[Records from a data source]

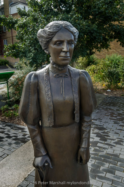 A local fundrasiing campaign enabled the scuplture to be replaced, with the additional figure of Ada Salter (there work also
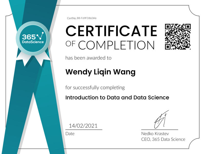 Congratulations! You have been awarded the 365 Data Science Certificate for successfully completing this course. Holding this certificate demonstrates your proficiency on the topic and your ability to apply your newly acquired expertise in the fields of data analytics and data science with confidence.
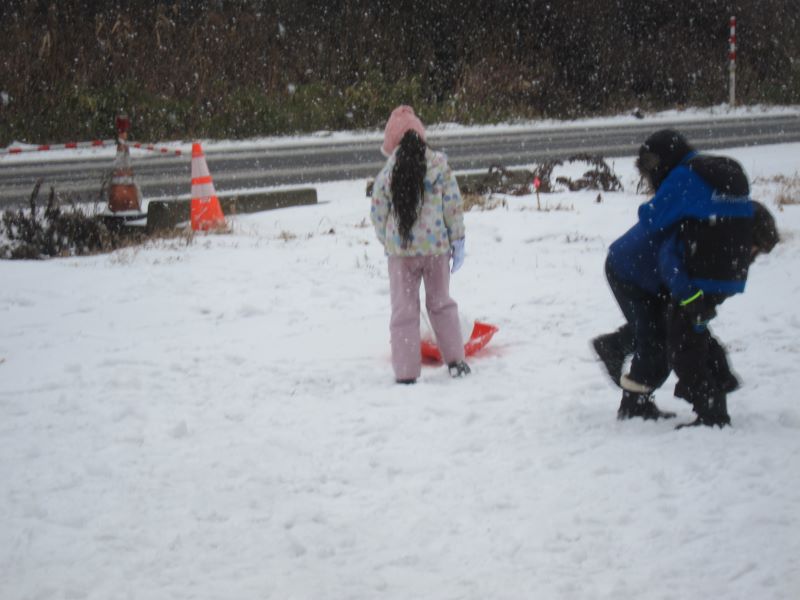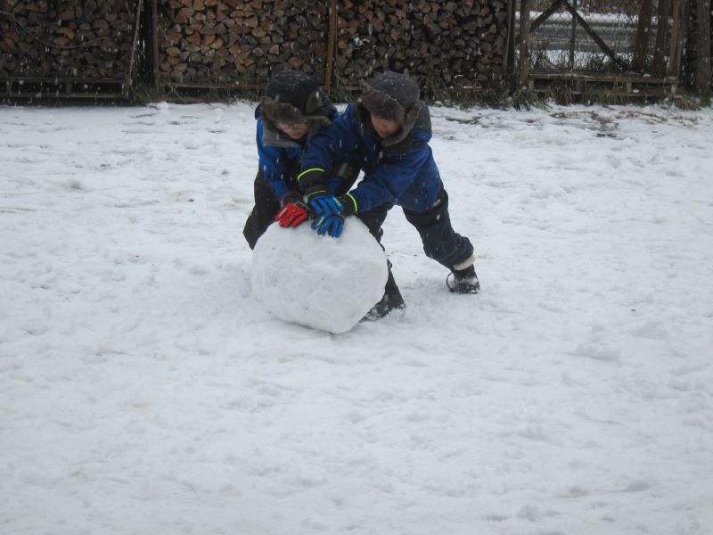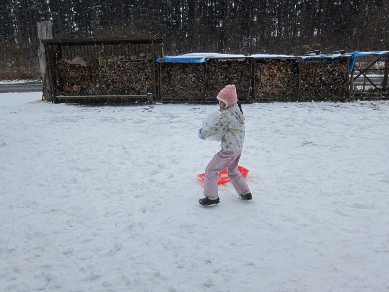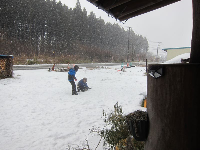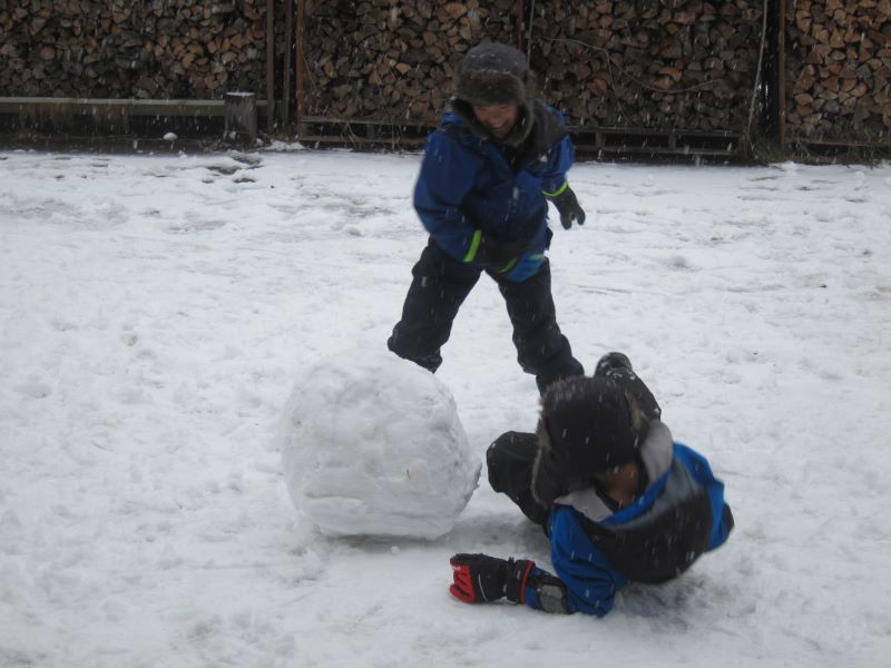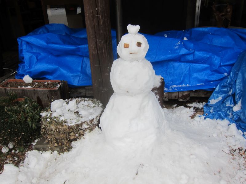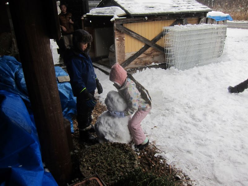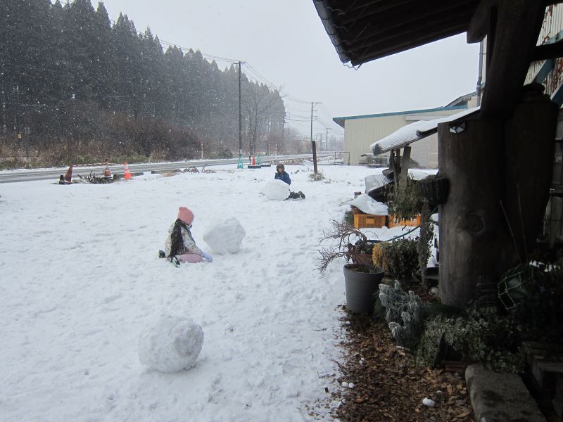 孫たちは餅突きの傍ら、降り始めた雪の中で、三兄弟楽しそうに雪だるま作りをしていました。子供らしさとは、餅突く義務感よりも楽しく遊ぶことですね。見ているこっちが楽しくなりました。
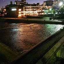 三条通で鴨川を渡る際に通る橋です。最初に橋が架けられたのは、室町時代らしいとのことです。11月上旬の18時前に訪問しました。辺りはもう、ほぼ暗くなっており、橋の上の歩道で立ち止まると、綺麗な夜景を眺めることができました。
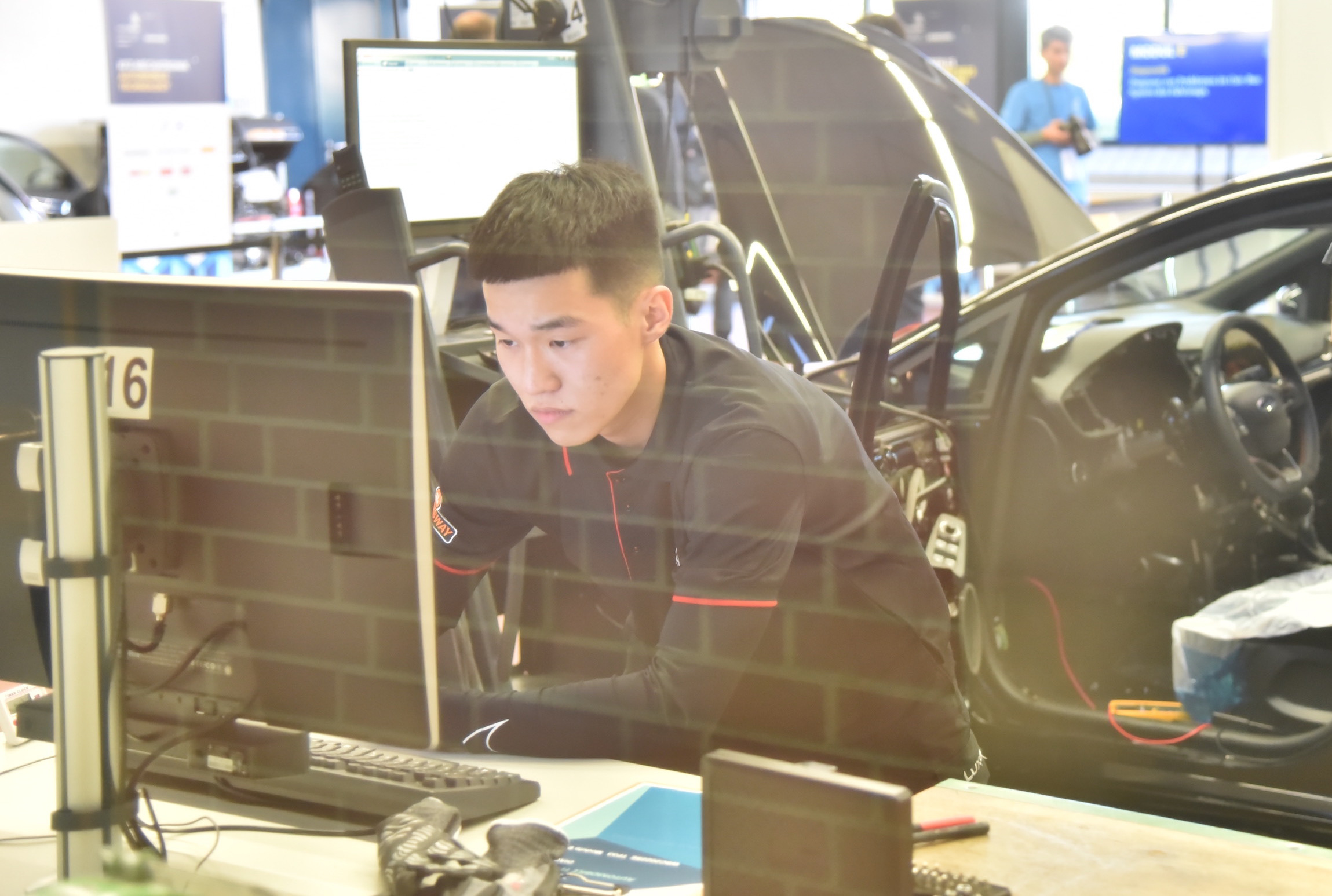 奪金國手詹許堃同學表示:「比賽中選手要在限時內找出解決車輛問題的方法,需要專業的知識與技術,就像是汽車的醫生,需要透過全面系統性的思考、運用邏輯逐一排除故障。特別感謝賽前福特六和提供軟硬體資源及師資協助,讓我有機會充分自由的練習,在面對各國好手時可以穩定發揮。」

# [Task to complete]
Reproduce nothing but the lines that run from the line containing "Congratulations! You have" through the last line of the records, inclusive. Omit the pictures.

# [Written answer]
 Congratulations! You have been awarded the 365 Data Science Certificate for successfully completing this course. Holding this certificate demonstrates your proficiency on the topic and your ability to apply your newly acquired expertise in the fields of data analytics and data science with confidence.
 孫たちは餅突きの傍ら、降り始めた雪の中で、三兄弟楽しそうに雪だるま作りをしていました。子供らしさとは、餅突く義務感よりも楽しく遊ぶことですね。見ているこっちが楽しくなりました。
 三条通で鴨川を渡る際に通る橋です。最初に橋が架けられたのは、室町時代らしいとのことです。11月上旬の18時前に訪問しました。辺りはもう、ほぼ暗くなっており、橋の上の歩道で立ち止まると、綺麗な夜景を眺めることができました。
 奪金國手詹許堃同學表示:「比賽中選手要在限時內找出解決車輛問題的方法,需要專業的知識與技術,就像是汽車的醫生,需要透過全面系統性的思考、運用邏輯逐一排除故障。特別感謝賽前福特六和提供軟硬體資源及師資協助,讓我有機會充分自由的練習,在面對各國好手時可以穩定發揮。」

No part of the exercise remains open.